Sunday, 20 July 2014

Paris - about Tiki culture and cocktails

As I have a passion for vintage clothing and lifestyle in general and my lovely man likes to create cocktails and has just discovered the rum drinks, of course the Tiki exhibition here in Paris at the Musée du Quai Branly was one of the first places to go. The exhibition gives a great introduction of the history of Tiki style as a Post-war escape to a dream world.

Tiki Pop
Returning home from World War II, many US-Soldiers brought with them stories and souvenirs from the South Pacific.
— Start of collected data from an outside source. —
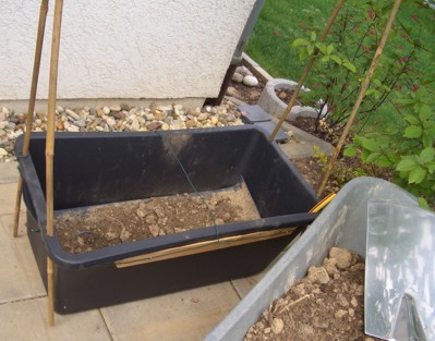 Siehst du das gelbe Garteschlauchstück im 3. Bild, das aus den Mauerkübel guckt? Der Schlauch geht bis runter in die Wasserkammer und guckt im fertigen Kübel oben aus der Erde raus.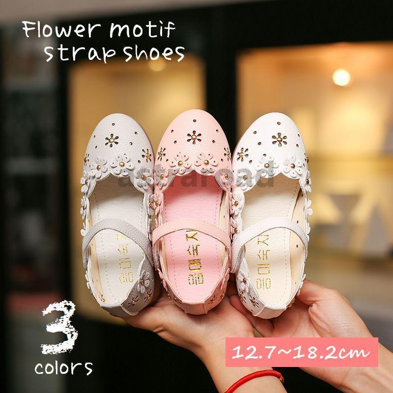 女の子らしいお花のモチーフが可愛いストラップシューズ。
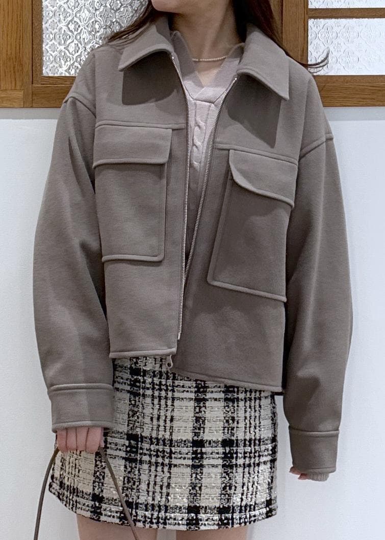 ROPÉ PICNICジャージーメルトンシリーズ ポケット付きジップブルゾン/リンクコーデブラウン系 / F¥6,999レビューショート丈で、どのボトムともバランスのとりやすいアウターです。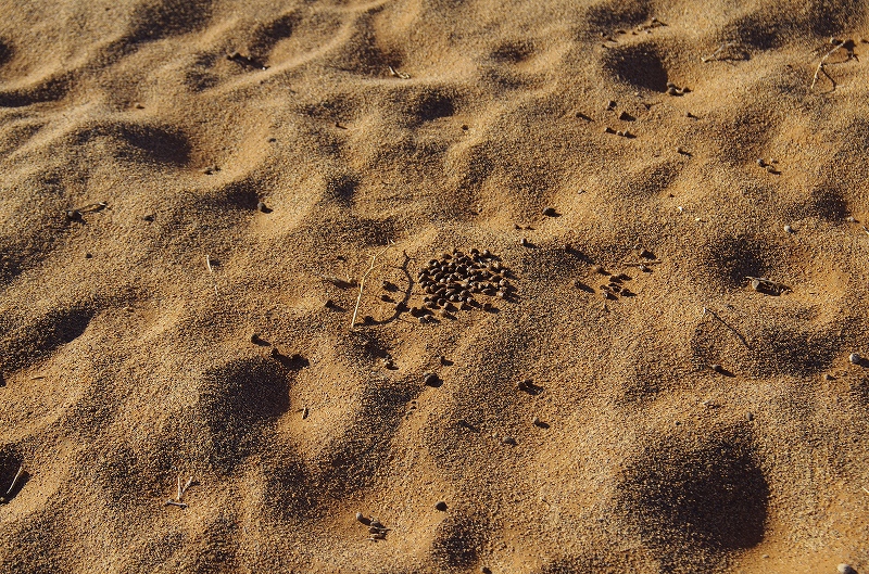 少し歩くと、さっそくレイヨウか何かの糞が落ちていました。

The rise of the middle class as an economic force and the increasing affordability of travel, in particular the newly established air travel to Hawaii, raised the nation's interest in all things tropical and the Americans fell in love with their romanticized version of an exotic culture, where life is simple and joyful. Polynesian design began to infuse every aspect of the country's visual aesthetic, from home accessories to architecture.

         




exhibiton "Tiki Pop" at the Musée du Quai Branly
Main supporters of the Tiki culture were at the beginning the restaurant industry. Don the Beachcomber's in Hollywood, California, is largely credited as being the first tiki restaurant from which all other bars "borrowed." Victor "Trader Vic" Bergeron was a Donn Beach contemporary and the founder of Trader Vic's restaurant chain. Both created a variety of "Polynesian" dishes, including crab Rangoon and rumaki.

Don the Beachcomber
 Donn Beach, the founder of Don The Beachcomber, is also credited as having created the tropical drink genre. Donn was the first restaurateur to mix flavored syrups and fresh fruit juices with rum. These drinks were called Rhum Rhapsodies and made Don the Beachcomber's restaurant the hot spot for Hollywood elite and stars from the 1940s well into the 1960s. He is credited for having created some of the most memorable exotic cocktails such as the Scorpion and the Zombie. Among all cocktails the Mai Tai is considered to be the quintessential tiki cocktail. A protracted feud between Donn Beach and Trader Vic erupted when both claimed to have invented the Mai Tai.

               
Trader Vic's Menu
rum cocktail from Don the Beachcomber

























Still on the Tiki wave, of course we wanted to finish the experience with a nice cocktail, I have done my research at home and realized that the cocktail bars in Paris are a relatively young phenomena, with the first creatives trying to establish a cocktail scene 5 years ago.

Sherry Butt Paris
My choice for a great cocktail evening was the Sherry Butt in the Marais quarter. We came on a relaxed Sunday evening and had a nice conversation with the bartender about everything related to make good cocktails, starting from the different ingredients and twists to famous classics.


The menu at Sherry Butt

After trying their delicious cocktails from the menu, we got some special creations by the bartender. As I have mentioned before, that my lovely man is on a little rum exploration, he got a twisted Mai Tai where the Curacao is replaced with Yuzushu.

historical Mai Tai

6 cl Jamaika Rum Wray & Nephew 17 years*
1,5 cl curaçao orange
0,75 cl orgeat
0,75 cl simple sirup
2 cl fresh lime juice

decoration: mint leaves
preparation: Mix all ingredients together with ice cubes in a shaker. Pour the drink in a pre-cooled glass with crushed ice. Top with the mint leaves.

*Since the rum originally was soon no longer available, Trader Vic replaced it later with half the amount of a different Jamaican rum and half the amount of Martinique rum.

the bar
I started with smokey whiskey and as the bar has an own whiskey menu, I got a twisted Penicilin cocktail with ginger and piment d'espelette.

Penicillin Cocktail

5,5 cl Malt Whiskey
1 cl galgant or ginger
1 cl honey
1,5cl lime juice

glass: tumbler
decoration: pinch Szechuan pepper or here piment d'espelette
preparation: Mix all ingredients together with ice cubes in a shaker. Pour the drink in a pre-cooled glass with fresh ice cubes. Top with the fresh pepper.